Ars legendi Awards
Each year, the Stifterverband für die Deutsche Wissenschaft grants the Ars legendi Award for excellent academic teaching at the suggestion of the German Rectors' Conference (HRK), as well as the Ars legendi Departmental Awards, which take up the approach and perpetuate the award in individual disciplines.
Ars legendi Award for Excellent Academic Teaching
The award is intended to highlight the special importance of academic teaching for the education of young academics. The award is intended to create a career-enhancing incentive to become involved in university teaching and to promote it beyond one's own sphere of influence. Until 2012, the award was presented in annually changing disciplines or subject groups. Since 2013, the concept has been realigned: Instead of a discipline or subject group, a specific teaching situation now forms the focus of the call for entries. The award is endowed with 30,000 euros.
The Ars legendi Award is one of the core elements in the Stifterverband's programmatic focus on raising the status of academic teaching. In addition, the quality of teaching is to be established as a central quality criterion for universities and profiled as a strategic goal of university quality management.
The current calls for entries for the Ars legendi Teaching Award can be found on the Stifterverband’s website.
Ars legendi Departmental Awards
Ars legendi departmental awards are awarded in four disciplines:
- Medicine: The first of these was the introduction in 2010 of an award for excellent teaching in university medicine. This is an award jointly presented by the Stifterverband and the Medizinischer Fakultätentag of the Federal Republic of Germany, which is endowed with 30,000 euros and awarded annually.

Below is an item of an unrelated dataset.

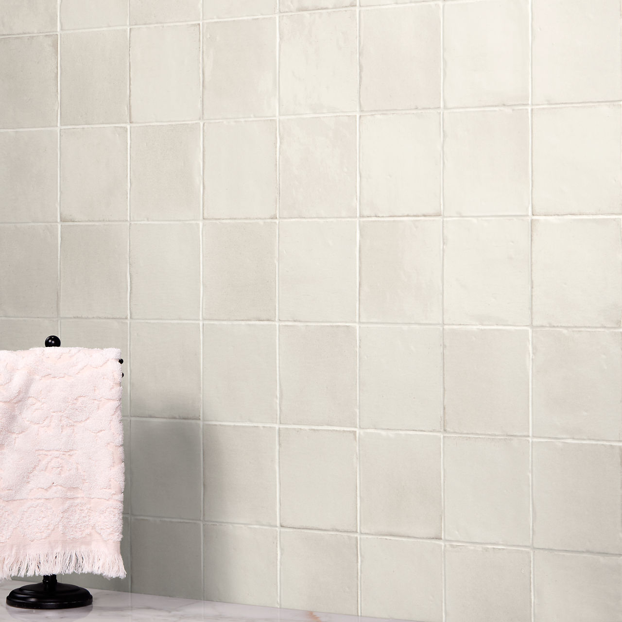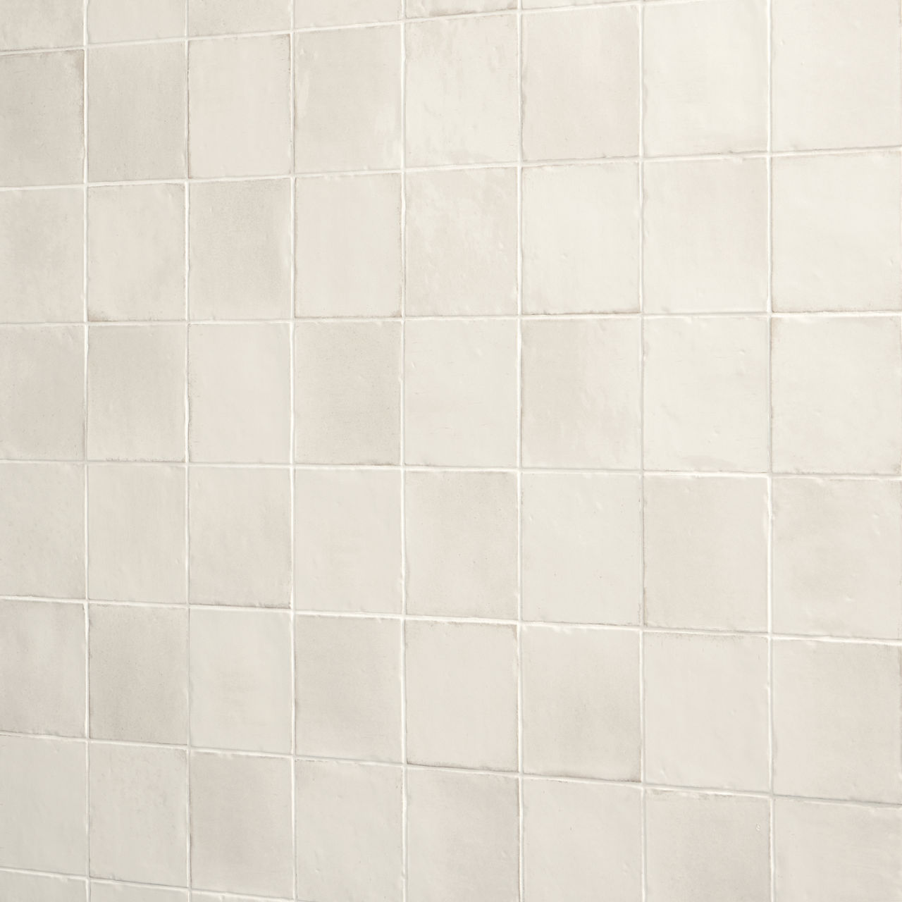 White ceramic wall tile in Deckle. A 4x4 glossy tile with handcrafted texture for classic wall and backsplash design.

- Mathematics and Natural Sciences: In 2013, the Stifterverband, the German Mathematical Society, the German Physical Society, the German Chemical Society and the Association for Biology, Biosciences & Biomedicine in Germany offered an award for excellent university teaching in mathematics and the natural sciences for the first time. It is endowed with a total of 20,000 euros and is awarded annually in four categories: life sciences, chemistry, mathematics and physics.
- Sports Sciences: The Stifterverband and the Departments' Association for Sports Science, in cooperation with the German Association for Sports Science, are offering the Ars legendi department award for excellent university teaching in sports science for the first time in 2017. The prize is endowed with 10,000 euros.

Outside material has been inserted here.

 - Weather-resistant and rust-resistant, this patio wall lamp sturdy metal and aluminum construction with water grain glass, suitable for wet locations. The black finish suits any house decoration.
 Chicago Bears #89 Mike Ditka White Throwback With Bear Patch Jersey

- Engineering and Computer Science: Since 2019, the department award for engineering and computer science has been awarded every two years by the Stifterverband in cooperation with the Konferenz der Fachbereichstage (KFBT) The prize is endowed with 15,000 euros.

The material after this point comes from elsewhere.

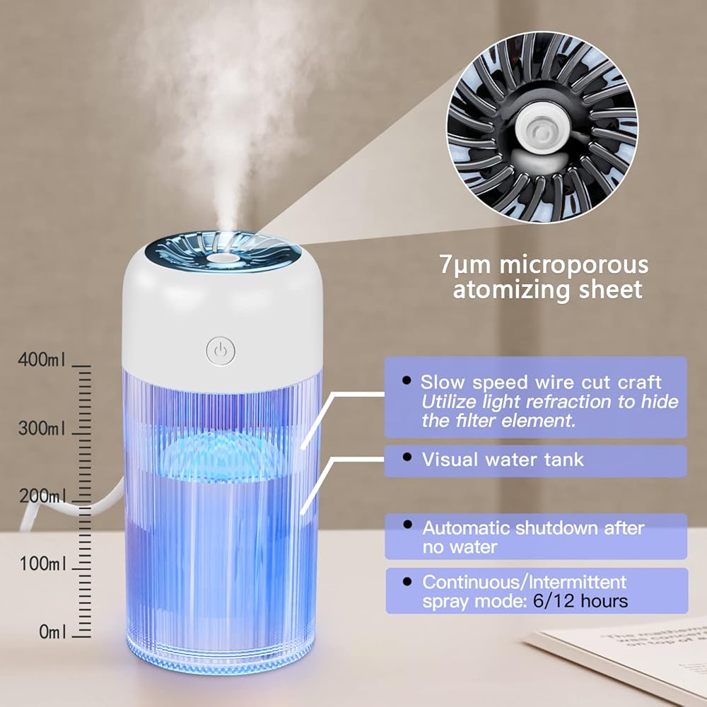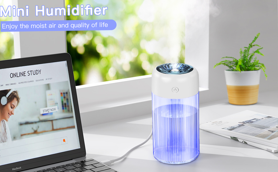 [مرطب صغير محمول] سهل التشغيل وسهل الحمل. استخدام الموجات فوق الصوتية لإنتاج العديد من البخاخات الرقيقة من الماء السائل يزيد من رطوبة الهواء ويحسن جودة الحياة بفعالية. مناسب لترطيب النباتات والسفر وغرفة النوم والسيارة والمكتب وما إلى ذلك. استخدام أقوى رقاقة لن يحجب المنفذ.

Further information on the individual faculty awards and the respective calls for entries can be found on the Stifterverband’s website.
TUM's Awardees
Enabling interactive learning even in large events, always actively involving students, and creating a link between theory and practice – these are components of success for Dr. Stephan Krusche's teaching, which was awarded the Ars legendi department award 2020.
For Stephan Krusche it is important that students try things out for themselves – only then can there be sustainable learning success. With the specially developed learning platform Artemis, students can submit programming tasks in large lectures and receive direct feedback on them through automatic tests. This also shows, for example, where mistakes were made. In addition to programming tasks, there are various quizzes and modeling tasks that can be used to test students' understanding of the subject matter. The learning platform is now used in several large basic computer science lectures.
Solving tasks in the lecture hall is one thing - but what about the concrete applicability of what has been learned in industrial practice? In order to give students a practical insight into the development of industrially applicable software, Stephan Krusche has therefore further developed the iPraktikum. In this practical course, real demanding projects are carried out in cooperation with renowned companies.
Stephan Krusche also plays a pioneering role by conducting his own teaching and learning research. Continuous improvement of teaching, based on student feedback, is his concern.
The award ceremony took place during a video conference on 23.07.2020. See the video of the award ceremony here.
If students attend a "candy lecture" or participate in a "reporter seminar," they are most likely students of Jürgen Richter-Gebert, who was awarded the Ars legendi award for excellent academic teaching in 2011.
The professor of geometry and visualization developed the course format to encourage students to actively engage with the scientific content of their mathematics studies and also to teach them skills such as self-reflection and teamwork. For Richter-Gebert, it is important to respond to each student individually and to provide continuous feedback on the level of performance.
To support and motivate students, he provides them with the self-developed accompanying material for his courses on the website www.mathe-vital.de and also develops teaching materials for his colleagues upon request. In addition, he designed the mathematics exhibition "ix-quadrat", which visually illustrates mathematical problems, and is involved in the program "Cinderella", an interactive geometry software.